(Provided records)

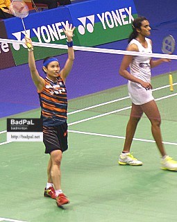 プサルラ・ヴェンカタ・シンドゥ(インド、世界3位)<21-17,21-17>ラッチャノク・インタノン(タイ、世界6位)
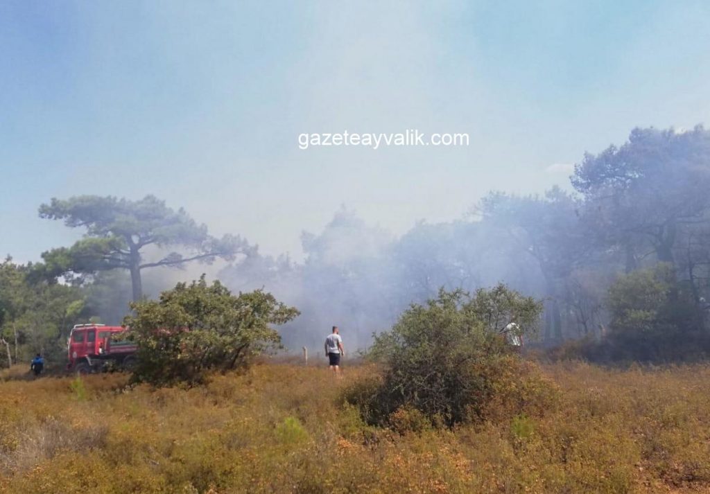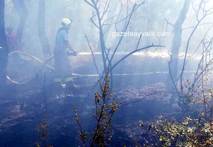 Alınan bilgiye göre; 15 Eylül Pazar günü saat 12.00’de Şeytan Sofrası yakınlarında yangın çıktı. Etkili rüzgâr nedeniyle kısa sürede yayılan yangına Ayvalık İtfaiye Grup Amirliği, 2 tanker, 1 ilk müdahale aracı ve 6 personel, Ayvalık Orman İşletme Şefliği 1arazos, 2 su tankeri ve 6 işçi ile müdahale etti.
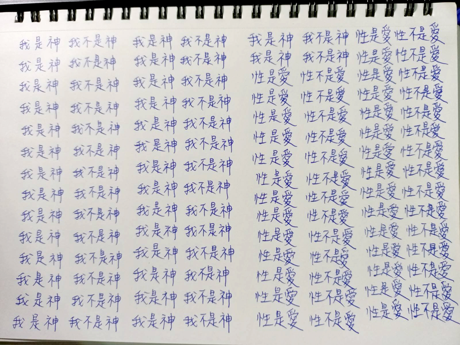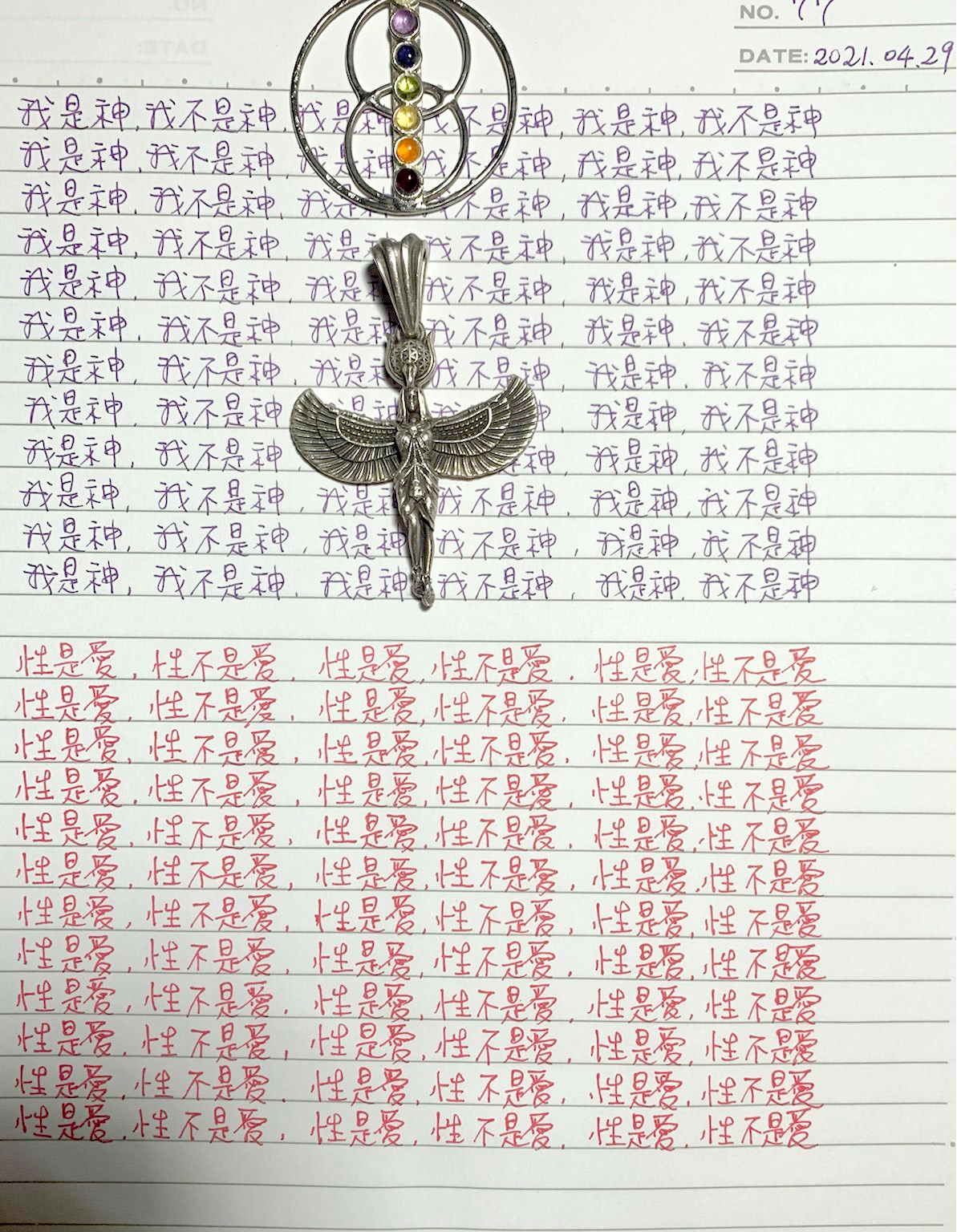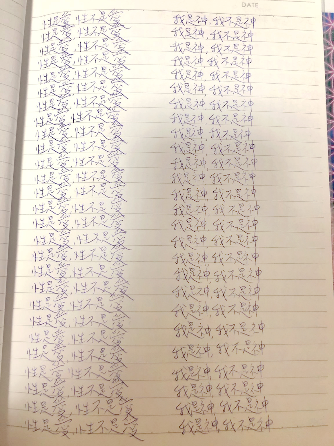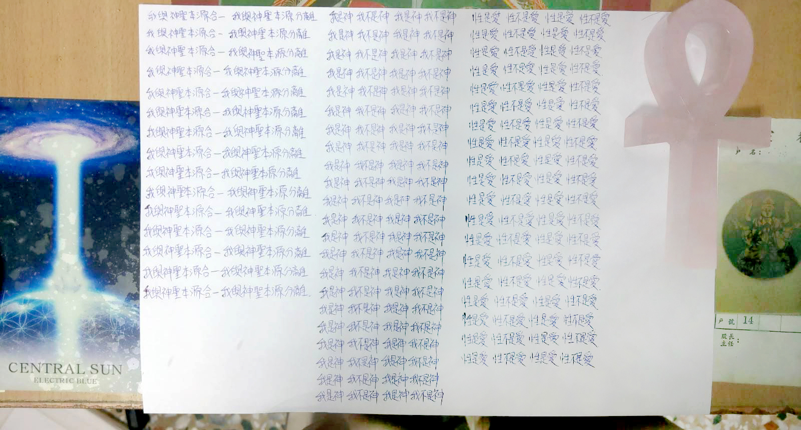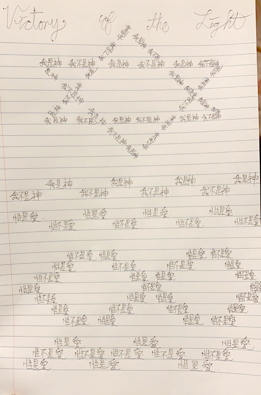 早兩天我寫到"性不是愛"時,寫著寫著內心有對"性不是愛。"的感覺變成了"性不是愛?"。今天,我是上午先寫"性是愛,性不是愛。"的,寫到過半的時候,寫"性不是愛"時,又岀來了"性不是愛?"接著,內心湧出了許多的傷感,受傷.無奈的情緒,一直在眼眶裡打轉的眼淚,慢慢往下流出來了。奇怪的是,我發現我身體周圍的能量場開始增強,包圍了我整個全身。接著我寫"我是神,我不是神。"寫著寫著,我內心有那麼一瞬間出現了一種喜悅的寧靜,同時我感覺我的"靈魂出竅"了,沒有任何的評判在看著"我是神,我不是神。"的感覺以及感覺在筆下猶如行雲流水般的文字的出現。它們只是一個幻覺,(或者說矩陣)如此而已。我突然覺得柯為什麼要我們左邊寫"我是神."右邊再寫"我不是神。"的用心良苦。感謝光明勢力,感謝黃金時代團隊
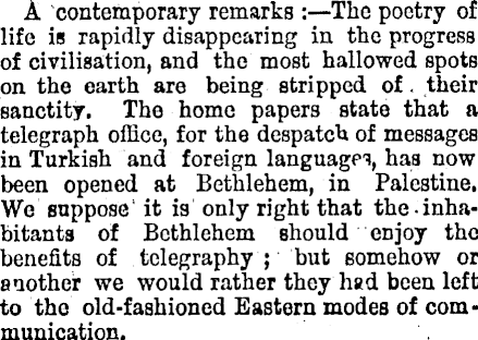 A contemporary remarks :—The poetry of life is rapidly disappearing in the progress of civilisation, and the most hallowed spots on the earth are being stripped of their sanctity. The home papers state that a telegraph office, for the despatch of messages in Turkish and foreign languages, has now been opened at Bethlehem, in Palestine. We suppose it is only right that the • inhabitants of Bethlehem should enjoy the benefits of telegraphy ; but somehow or another we would rather they had been left to the old-fashioned Eastern modes of communication.
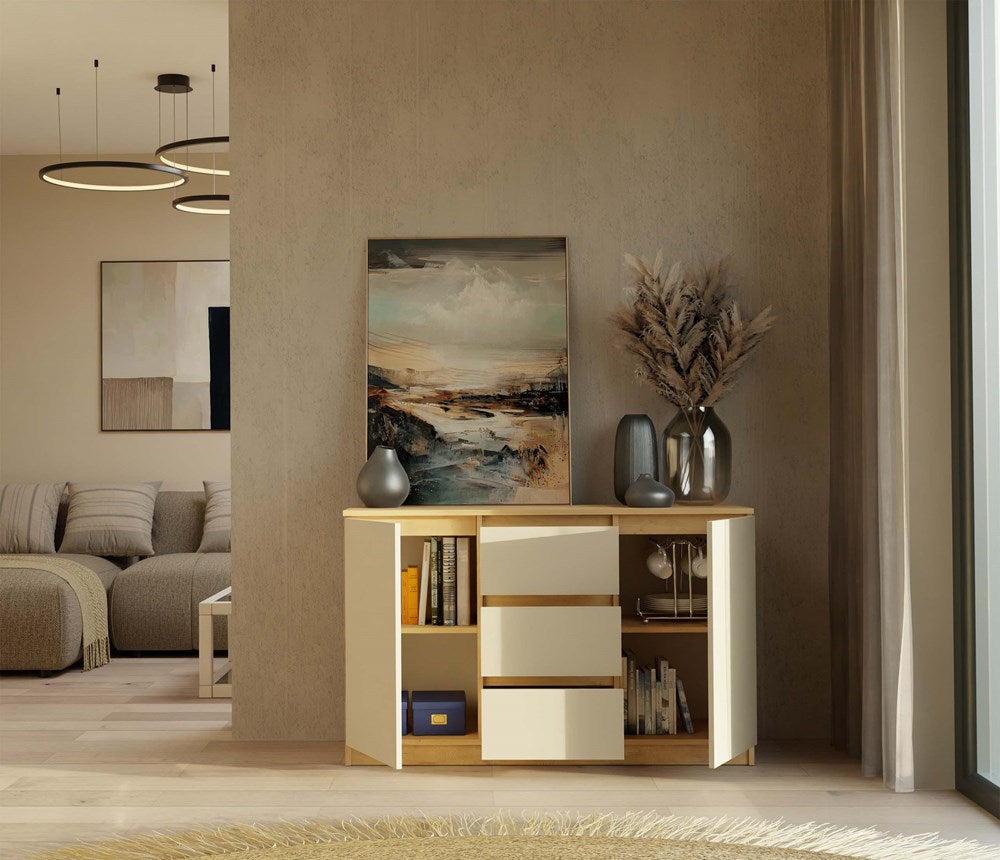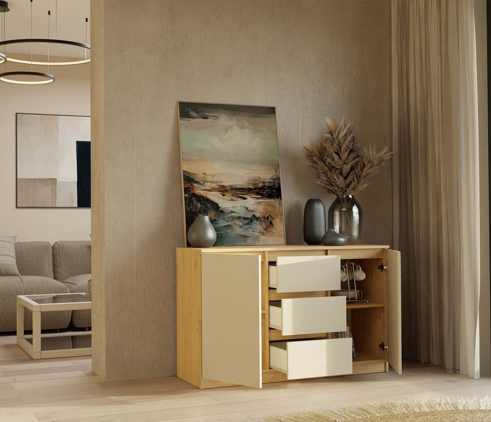 Połączenie kolorów Kaszmir oraz Dąb Artisan, nadaje komodzie nowoczesny i elegancki wygląd, który harmonijnie komponuje się zarówno z minimalistycznymi, jak i bardziej klasycznymi wnętrzami.
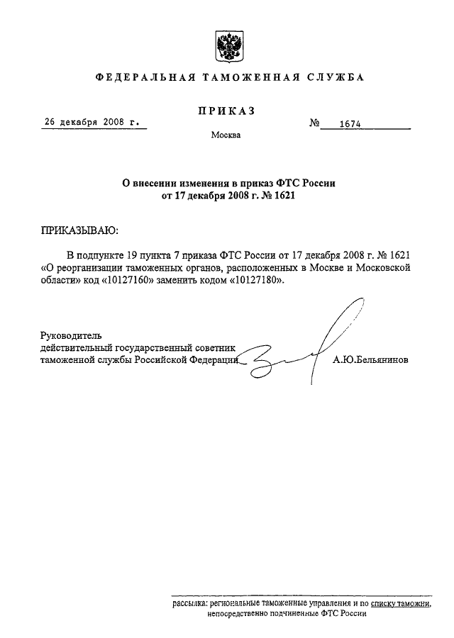ПРИКАЗ ФТС РФ от 26.12.2008 N 1674
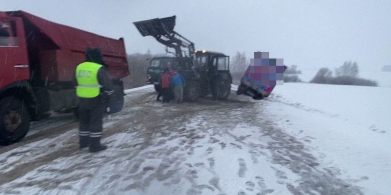 Полицейские остановили два грузовых Камаза, вызвали трактор с ближайшего сельского поселения Краснояриха и попросили помочь вызволить из снежного плена попавшего в сложную ситуацию водителя.
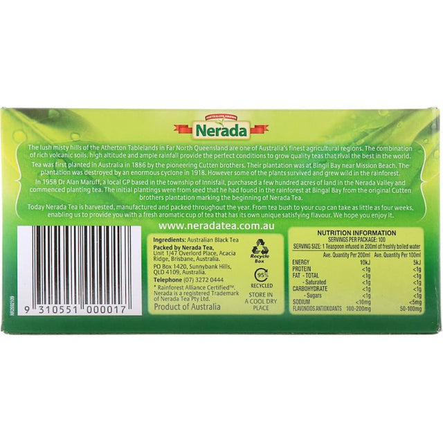 Discover the delightful taste of Nerada Loose Leaf Tea Black, a premium Australian black tea that embodies quality and tradition. Sourced from the lush, misty hills of the Atherton Tablelands in Far North Queensland, Nerada Tea is cultivated under perfect conditions—rich volcanic soils, high altitude, and abundant rainfall. Our Rainforest Alliance Certified black tea not only delivers an exceptional flavor but also ensures environmentally sustainable farming practices. With a heritage dating back to 1886, Nerada uses only the tender young leaves of the Camellia Sinensis plant, hand-harvested every two to four weeks for freshness. Each step of the production, from withering to drying, ensures that the natural antioxidants and robust flavors are preserved, providing a cup of tea that is free from artificial flavors, colors, and preservatives.

(End Provided records)

## Your instructions
Everything in the listing above must be restated word for word, except the images.

## The answer
 プサルラ・ヴェンカタ・シンドゥ(インド、世界3位)<21-17,21-17>ラッチャノク・インタノン(タイ、世界6位)
 Alınan bilgiye göre; 15 Eylül Pazar günü saat 12.00’de Şeytan Sofrası yakınlarında yangın çıktı. Etkili rüzgâr nedeniyle kısa sürede yayılan yangına Ayvalık İtfaiye Grup Amirliği, 2 tanker, 1 ilk müdahale aracı ve 6 personel, Ayvalık Orman İşletme Şefliği 1arazos, 2 su tankeri ve 6 işçi ile müdahale etti.
 早兩天我寫到"性不是愛"時,寫著寫著內心有對"性不是愛。"的感覺變成了"性不是愛?"。今天,我是上午先寫"性是愛,性不是愛。"的,寫到過半的時候,寫"性不是愛"時,又岀來了"性不是愛?"接著,內心湧出了許多的傷感,受傷.無奈的情緒,一直在眼眶裡打轉的眼淚,慢慢往下流出來了。奇怪的是,我發現我身體周圍的能量場開始增強,包圍了我整個全身。接著我寫"我是神,我不是神。"寫著寫著,我內心有那麼一瞬間出現了一種喜悅的寧靜,同時我感覺我的"靈魂出竅"了,沒有任何的評判在看著"我是神,我不是神。"的感覺以及感覺在筆下猶如行雲流水般的文字的出現。它們只是一個幻覺,(或者說矩陣)如此而已。我突然覺得柯為什麼要我們左邊寫"我是神."右邊再寫"我不是神。"的用心良苦。感謝光明勢力,感謝黃金時代團隊
 A contemporary remarks :—The poetry of life is rapidly disappearing in the progress of civilisation, and the most hallowed spots on the earth are being stripped of their sanctity. The home papers state that a telegraph office, for the despatch of messages in Turkish and foreign languages, has now been opened at Bethlehem, in Palestine. We suppose it is only right that the • inhabitants of Bethlehem should enjoy the benefits of telegraphy ; but somehow or another we would rather they had been left to the old-fashioned Eastern modes of communication.
 Połączenie kolorów Kaszmir oraz Dąb Artisan, nadaje komodzie nowoczesny i elegancki wygląd, który harmonijnie komponuje się zarówno z minimalistycznymi, jak i bardziej klasycznymi wnętrzami.
ПРИКАЗ ФТС РФ от 26.12.2008 N 1674
 Полицейские остановили два грузовых Камаза, вызвали трактор с ближайшего сельского поселения Краснояриха и попросили помочь вызволить из снежного плена попавшего в сложную ситуацию водителя.
 Discover the delightful taste of Nerada Loose Leaf Tea Black, a premium Australian black tea that embodies quality and tradition. Sourced from the lush, misty hills of the Atherton Tablelands in Far North Queensland, Nerada Tea is cultivated under perfect conditions—rich volcanic soils, high altitude, and abundant rainfall. Our Rainforest Alliance Certified black tea not only delivers an exceptional flavor but also ensures environmentally sustainable farming practices. With a heritage dating back to 1886, Nerada uses only the tender young leaves of the Camellia Sinensis plant, hand-harvested every two to four weeks for freshness. Each step of the production, from withering to drying, ensures that the natural antioxidants and robust flavors are preserved, providing a cup of tea that is free from artificial flavors, colors, and preservatives.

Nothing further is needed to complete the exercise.